De neus is een orgaan van gewervelde dieren dat primair dient voor de ademhaling en de reukzin.
Bij de meeste gewervelden zit de neus centraal op het gezicht of aan het eind van de snuit. In de neus zitten bij mensen en de meeste dieren twee openingen aan de voorzijde, de neusgaten met hierachter de neusholte. Ademhalen gebeurt voornamelijk door de neus. De neus heeft daarbij als specifieke functie de lucht te reinigen en te verwarmen voordat deze naar de longen gaat.
Daarnaast wordt het bloed, dat via de neus naar de hersenen gaat, in de slijmvliezen van de neus door de ingeademde lucht gekoeld. Want een groot deel van het metabolisme vindt in de hersenen plaats, en die warmte moet worden afgevoerd.
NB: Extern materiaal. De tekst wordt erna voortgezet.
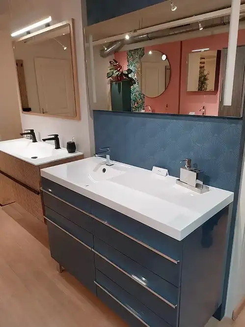Laissez place à vos envies en choisissant parmi les différentes finitions de laques mates ou brillantes ou décor bois, les modèles de poignées, vasques, colonnes, commodes, armoires ou encore miroirs assortis à nos gammes.
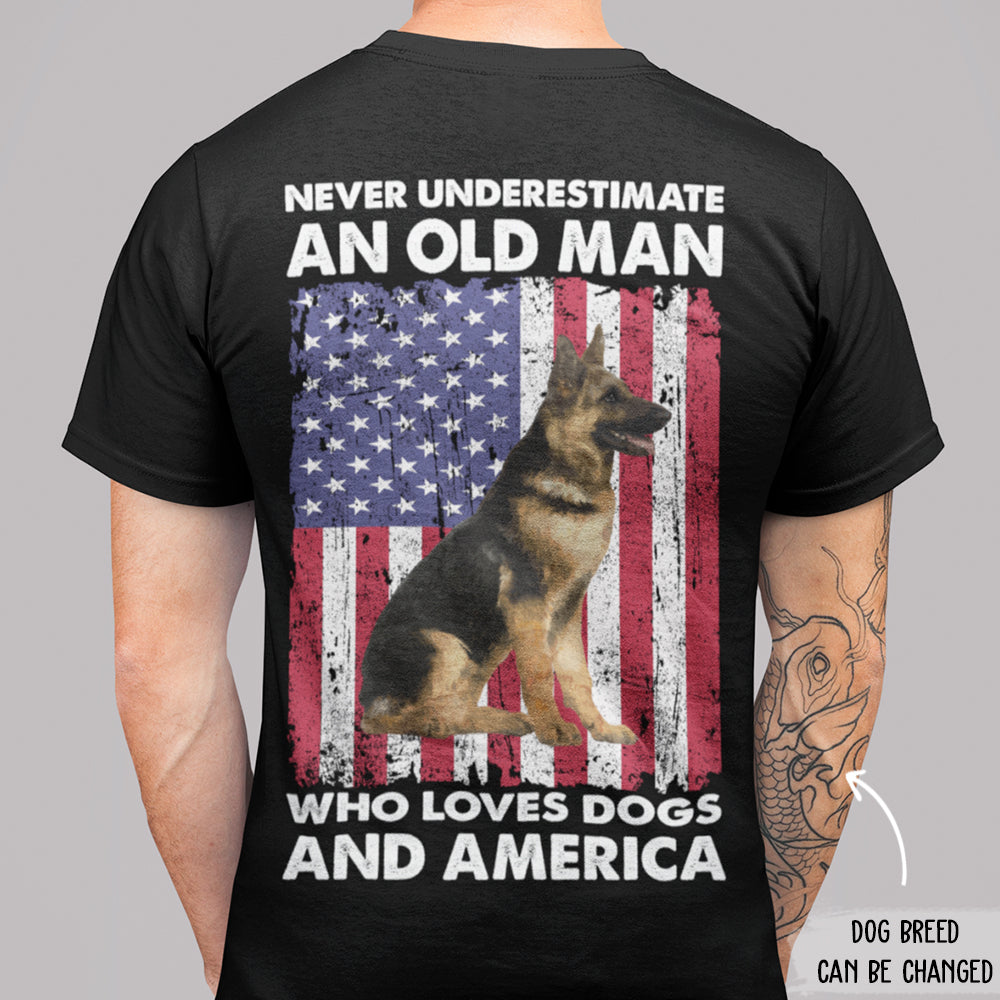 An Old Man Who Loves Dogs And America - Personalized Custom Unisex T-shirt

Dit mechanisme verklaart de flash-werking van het snuiven van halogene stoffen - als poeder van tabak of cocaïne - op het brein.
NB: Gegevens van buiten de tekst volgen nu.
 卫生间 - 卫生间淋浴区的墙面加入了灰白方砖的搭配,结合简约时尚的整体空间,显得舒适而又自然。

De natte neus van zoogdieren dient ook om de richting van de luchtstroom te bepalen en maakt daardoor de reukzin richtingsgevoelig. Koudereceptoren in de huid reageren met grote gevoeligheid op de afkoeling door verdamping aan de kant waar de luchtstroming het sterkst is.
De neus heeft twee luchtkanalen die eindigen in de neusgaten onderaan de neus, en die gescheiden worden door het neustussenschot. De neusvleugels zijn de zijkanten van de neus.
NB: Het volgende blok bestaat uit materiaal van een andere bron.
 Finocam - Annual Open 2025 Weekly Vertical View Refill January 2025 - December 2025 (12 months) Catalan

In de ingang van de neus zitten de neusharen die voorkomen dat grotere schadelijke deeltjes in de longen terechtkomen. Deze haren maken de luchtstroming ook turbulent.
De neusholte gaat aan de achterzijde over in de nasofarynx – het bovenste deel van de farynx of neus-keelholte – die via de buis van Eustachius rechtstreeks in verbinding staat met de oren. Dit verklaart onder meer waardoor bij verkeerd snuiten – waardoor het slijm, in plaats van de neus aan de voorkant te verlaten, zich verder naar de in en achter de neus gelegen holtes verspreidt – soms ook het gevoel kan ontstaan dat de oren dicht zitten. Ook bij een gewone verkoudheid, waarbij de neus vaak dicht zit, is vaak ook sprake van een drukkend gevoel of pijn in de oren. Dit komt door het overtollige slijm in de neus-keelholte dat ook de verbinding met de oren blokkeert, zodat de lucht in het gehele neus-keel-oor-gebied in dit geval niet goed kan doorstromen.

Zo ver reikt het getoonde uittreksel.